>>>

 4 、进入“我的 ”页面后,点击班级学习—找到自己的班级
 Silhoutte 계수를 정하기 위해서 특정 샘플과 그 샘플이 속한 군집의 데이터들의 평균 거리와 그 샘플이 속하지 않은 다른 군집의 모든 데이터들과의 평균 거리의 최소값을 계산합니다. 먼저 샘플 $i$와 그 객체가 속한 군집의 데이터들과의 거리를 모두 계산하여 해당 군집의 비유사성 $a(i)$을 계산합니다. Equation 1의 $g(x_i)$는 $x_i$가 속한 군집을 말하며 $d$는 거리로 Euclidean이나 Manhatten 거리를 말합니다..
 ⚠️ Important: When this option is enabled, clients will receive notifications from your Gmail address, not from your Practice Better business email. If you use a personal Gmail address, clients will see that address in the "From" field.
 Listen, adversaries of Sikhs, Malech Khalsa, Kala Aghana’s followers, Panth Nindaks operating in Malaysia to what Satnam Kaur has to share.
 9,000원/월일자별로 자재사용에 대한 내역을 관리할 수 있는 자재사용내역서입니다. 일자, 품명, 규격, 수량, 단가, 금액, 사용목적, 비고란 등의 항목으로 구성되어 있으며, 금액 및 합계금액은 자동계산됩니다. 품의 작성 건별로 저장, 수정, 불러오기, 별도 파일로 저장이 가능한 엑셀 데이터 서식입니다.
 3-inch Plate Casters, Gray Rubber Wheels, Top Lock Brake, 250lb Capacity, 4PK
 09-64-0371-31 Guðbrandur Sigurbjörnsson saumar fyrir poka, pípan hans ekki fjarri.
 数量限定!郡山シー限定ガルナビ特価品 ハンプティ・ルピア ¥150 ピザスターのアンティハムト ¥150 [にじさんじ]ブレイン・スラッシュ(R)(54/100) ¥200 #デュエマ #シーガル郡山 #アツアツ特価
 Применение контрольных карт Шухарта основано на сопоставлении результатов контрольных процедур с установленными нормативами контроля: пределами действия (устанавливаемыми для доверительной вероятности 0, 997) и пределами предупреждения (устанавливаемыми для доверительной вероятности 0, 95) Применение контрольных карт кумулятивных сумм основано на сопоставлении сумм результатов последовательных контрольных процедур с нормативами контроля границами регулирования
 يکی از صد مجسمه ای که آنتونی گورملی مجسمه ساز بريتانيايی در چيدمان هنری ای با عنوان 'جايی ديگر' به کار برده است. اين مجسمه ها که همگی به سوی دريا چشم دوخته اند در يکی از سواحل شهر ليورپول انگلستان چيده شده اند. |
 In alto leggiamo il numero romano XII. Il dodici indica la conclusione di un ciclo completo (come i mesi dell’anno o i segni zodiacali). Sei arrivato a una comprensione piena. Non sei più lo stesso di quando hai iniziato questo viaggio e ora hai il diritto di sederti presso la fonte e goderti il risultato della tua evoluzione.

<<<
>>>

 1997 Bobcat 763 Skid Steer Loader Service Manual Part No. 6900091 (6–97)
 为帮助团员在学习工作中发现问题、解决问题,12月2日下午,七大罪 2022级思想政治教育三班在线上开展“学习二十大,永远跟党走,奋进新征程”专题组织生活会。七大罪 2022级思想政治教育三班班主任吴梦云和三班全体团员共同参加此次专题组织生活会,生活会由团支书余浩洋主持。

<<<

Beginning at the line above with "9,000원/월일자별로 자재사용에 대한" and finishing at the line with "In alto leggiamo", return each line exactly and return nothing else.

* [ANSWER SECTION]
 9,000원/월일자별로 자재사용에 대한 내역을 관리할 수 있는 자재사용내역서입니다. 일자, 품명, 규격, 수량, 단가, 금액, 사용목적, 비고란 등의 항목으로 구성되어 있으며, 금액 및 합계금액은 자동계산됩니다. 품의 작성 건별로 저장, 수정, 불러오기, 별도 파일로 저장이 가능한 엑셀 데이터 서식입니다.
 3-inch Plate Casters, Gray Rubber Wheels, Top Lock Brake, 250lb Capacity, 4PK
 09-64-0371-31 Guðbrandur Sigurbjörnsson saumar fyrir poka, pípan hans ekki fjarri.
 数量限定!郡山シー限定ガルナビ特価品 ハンプティ・ルピア ¥150 ピザスターのアンティハムト ¥150 [にじさんじ]ブレイン・スラッシュ(R)(54/100) ¥200 #デュエマ #シーガル郡山 #アツアツ特価
 Применение контрольных карт Шухарта основано на сопоставлении результатов контрольных процедур с установленными нормативами контроля: пределами действия (устанавливаемыми для доверительной вероятности 0, 997) и пределами предупреждения (устанавливаемыми для доверительной вероятности 0, 95) Применение контрольных карт кумулятивных сумм основано на сопоставлении сумм результатов последовательных контрольных процедур с нормативами контроля границами регулирования
 يکی از صد مجسمه ای که آنتونی گورملی مجسمه ساز بريتانيايی در چيدمان هنری ای با عنوان 'جايی ديگر' به کار برده است. اين مجسمه ها که همگی به سوی دريا چشم دوخته اند در يکی از سواحل شهر ليورپول انگلستان چيده شده اند. |
 In alto leggiamo il numero romano XII. Il dodici indica la conclusione di un ciclo completo (come i mesi dell’anno o i segni zodiacali). Sei arrivato a una comprensione piena. Non sei più lo stesso di quando hai iniziato questo viaggio e ora hai il diritto di sederti presso la fonte e goderti il risultato della tua evoluzione.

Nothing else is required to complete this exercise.